Simón Zavala Guzmán - Mais além da morte

Depois de um retrato lancinante sobre a morte, essa filha da noite, trágica componente do existir humano – quer pelo aspecto natural quer pela ótica pessoal –, enquanto ponto terminante para qualquer contexto que se avalie como positivo, o poeta vislumbra nas palavras o poder de avançar para além de toda ruína, nelas entrevendo a aptidão para escapar às limitações do tempo.

 

Não exatamente as palavras lançadas ao vento – presume-se –, senão aquelas gravadas indelevelmente na página em branco, ou por outra, já agora em outros meios, difundidas na galáxia da internet e convertidas no constituinte móvel da presença humana sobre a terra, presença essa que, confiante, projeta-se à jurisdição imóvel da eternidade.

 

J.A.R. – H.C.

 

Simón Zavala Guzmán

(n. 1943)

 

Más allá de la muerte

 

Siempre la muerte acecha. Con su boca abismal

está lista para el hachazo

para el golpe certero que debe enmudecernos.

Siempre está atenta para robarnos en el primer descuido

en el primer temor

en la primera desmesura

la luz que nos empuja

la marejada vital que nos irrumpe

el hálito que impulsa nuestra palabra

como un golpe de tambor sonoro y conmovido.

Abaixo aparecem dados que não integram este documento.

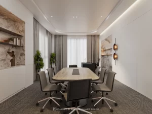 - Thiết kế văn phòng hướng đến giá trị bền vững – Bố cục không gian được tính toán kỹ lưỡng nhằm tối ưu diện tích sử dụng, đồng thời đảm bảo lưu thông nội bộ khoa học – yếu tố quan trọng trong thiết kế thi công văn phòng chuyên nghiệp.
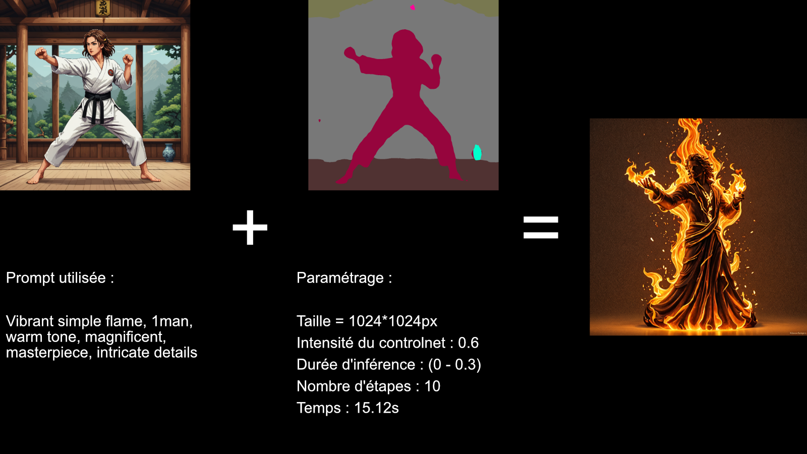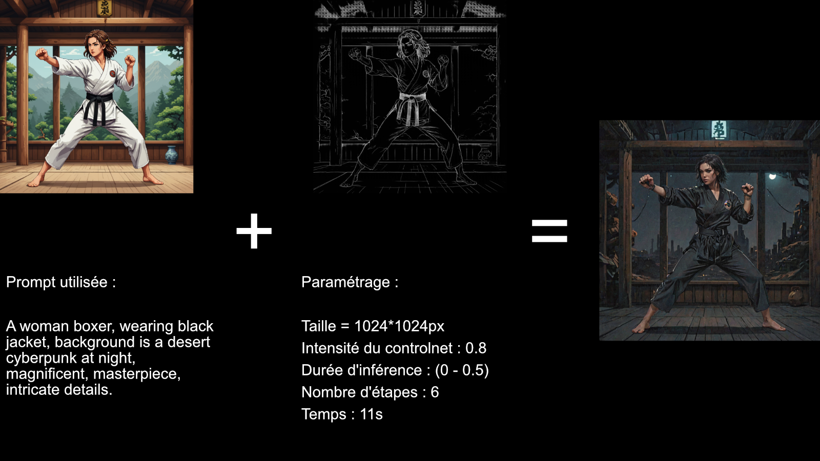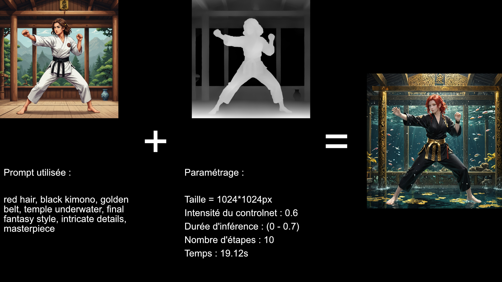 Ici on voit que l'on a pu faire des changements importants (la couleur de cheveux, le kimono, la ceinture, le background etc), sans toucher à la structure de l'image.

Siempre está a nuestro lado fría y astuta

húmeda y obsesionada con nuestro calor

queriendo deslumbrarnos desde su desnudez

desde el cadáver de su beso

tratando de inmovilizamos con su excitación

sexo imperceptible

senos transparentes con su oculto lenguaje

donde un ángel letal alza su espada de terror

para decapitamos.

Siempre queriendo aprisionarnos en su insinuación

en su propósito de hacernos piedra polvo en olvido

deseo y laberinto de ojos inmóviles

verdad de su primigenio vientre.

Siempre la muerte acecha.

Fascinada frente al mortal lame su abstinencia.

Repta bajo las pisadas del cuello que ha resuelto apretar.

No tiene prisa. Espera. Se sabe indestructible.

Sin embargo no nos puede vencer

en el momento de su abrazo conmovedor

de la asfixia que comienza a triturar nuestros sentidos

los silencios se abren, insurgen bravas las palabras

y la voz se desata como un vendaval de sangre invulnerable

y vuelve la vida a crecer sobre la eternidad

sobre la muerte que queda en su despecho

como sombra herrumbrosa y risible.

 

A Eternidade e a Morte

(Xavier Mellery: pintor belga)

 

Mais além da morte

 

A morte está sempre à espreita. Com a sua boca abismal

sempre pronta para o talho

para o golpe certeiro que há de nos silenciar.

Está sempre alerta para nos roubar ao primeiro descuido

ao primeiro temor

à primeira imprudência

a luz que nos impele

a maresia vital que nos irrompe

o sopro que dá impulso à nossa palavra

como uma sonora e comovente batida de tambor.

Está sempre ao nosso lado fria e astuta

úmida e obcecada com o nosso calor

querendo nos deslumbrar a começar por sua nudez

a começar pelo cadáver de seu beijo

tratando de nos imobilizar com sua excitação

sexo imperceptível

seios transparentes com sua oculta linguagem

onde um anjo letal ergue a sua espada de terror

para nos decapitar.

Sempre querendo nos aprisionar em sua insinuação

em seu propósito de nos converter em pedra pó olvido

desejo e labirinto de olhos imóveis

verdade de seu primigênio ventre.

A morte está sempre à espreita.

Fascinada frente ao mortal ela lambe sua abstinência.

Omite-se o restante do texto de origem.